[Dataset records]
▼
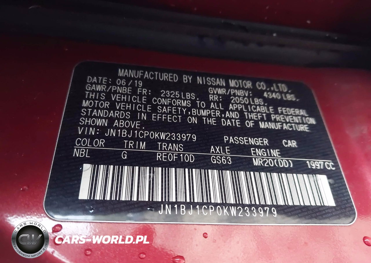 IAAI Nr: I-44036738 VIN: JN1BJ1CP0KW233979 Port: Savannah, GA
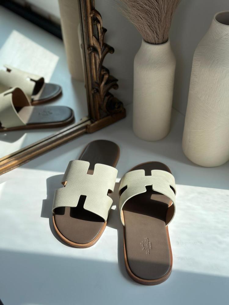 Whether you plan to wear it while commuting around the city or during your summer vacation, the Hermès Oran slippers in beige gray are the perfect addition to your wardrobe. Elevate your look with a piece that combines simplicity and luxury with every step.
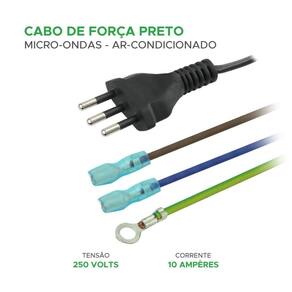 - Tipo: Cabo de Alimentação - Corrente Elétrica: 10A - Voltagem: 250V - Comprimento: 1,45 metro - Aplicação universal: Micro-ondas e ar-condicionados - Funções: Fornecimento de energia elétrica, estabilização de corrente Marca: Não Informado Ean: 7899744061407
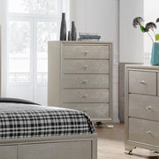 Crown Mark Lyssa 5 Drawer Chest in Embossed Crocodile Pattern B4300-4. This glamorous bedroom collection features an embossed crocodile finish, decorative knob hardware, and contemporary clean lines. The centerpiece of the collection, the stunning bed, has a diamond tufted headboard surrounded by LED back lighting. Storage pieces have durable dovetail drawers with metal glides.
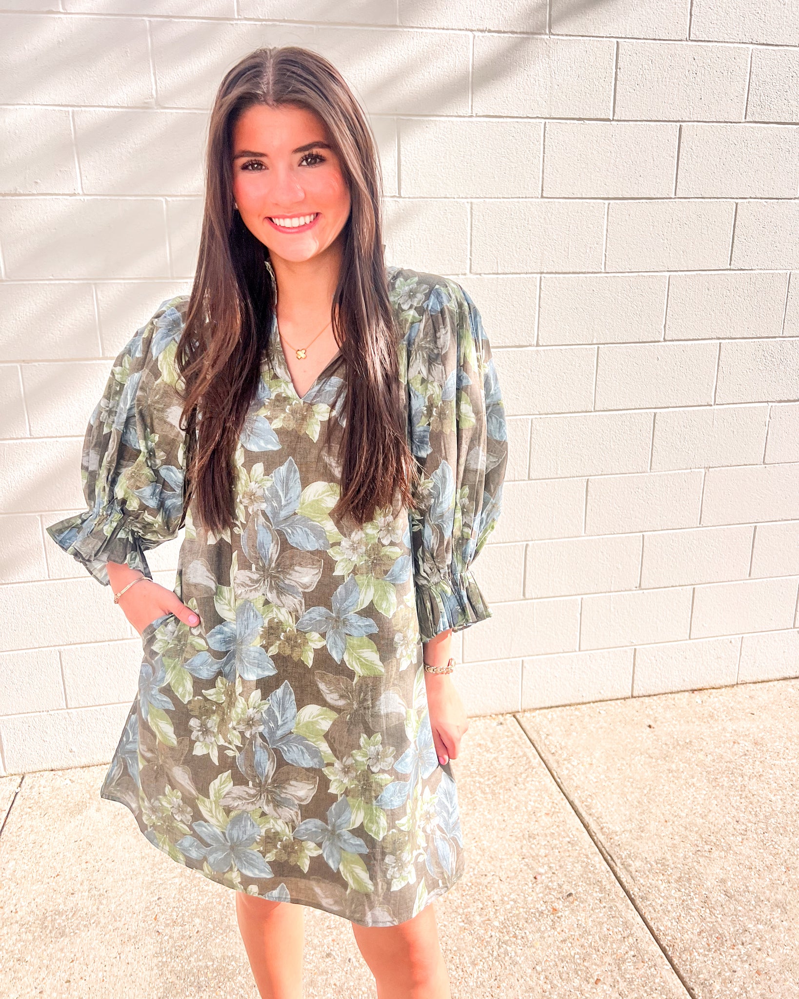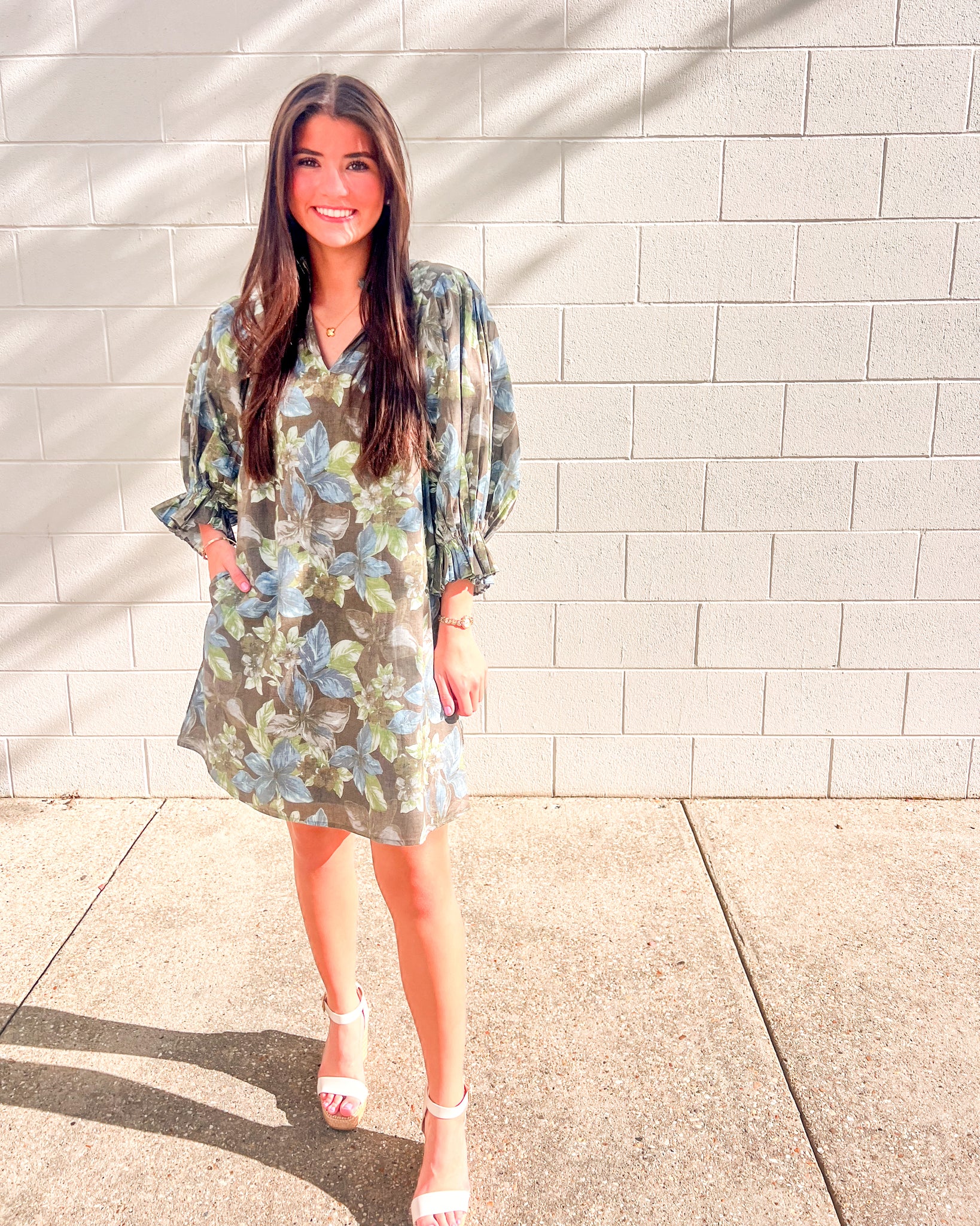 Effortlessly chic, the Green & Blue Floral Print Mini Dress combines relaxed comfort with standout style. Designed with a soft floral pattern in shades of green and blue, this dress features a split neckline, long puff sleeves, and a flowy silhouette that flatters every figure. Side pockets add function, while the lightweight fabric makes it perfect for year-round wear.
▲
What the task requires =
Return exactly the lines from the line with "Crown Mark Lyssa" through the last line of the data above, both included; pictures do not go in the answer.

Result for this task =
 Crown Mark Lyssa 5 Drawer Chest in Embossed Crocodile Pattern B4300-4. This glamorous bedroom collection features an embossed crocodile finish, decorative knob hardware, and contemporary clean lines. The centerpiece of the collection, the stunning bed, has a diamond tufted headboard surrounded by LED back lighting. Storage pieces have durable dovetail drawers with metal glides.
 Effortlessly chic, the Green & Blue Floral Print Mini Dress combines relaxed comfort with standout style. Designed with a soft floral pattern in shades of green and blue, this dress features a split neckline, long puff sleeves, and a flowy silhouette that flatters every figure. Side pockets add function, while the lightweight fabric makes it perfect for year-round wear.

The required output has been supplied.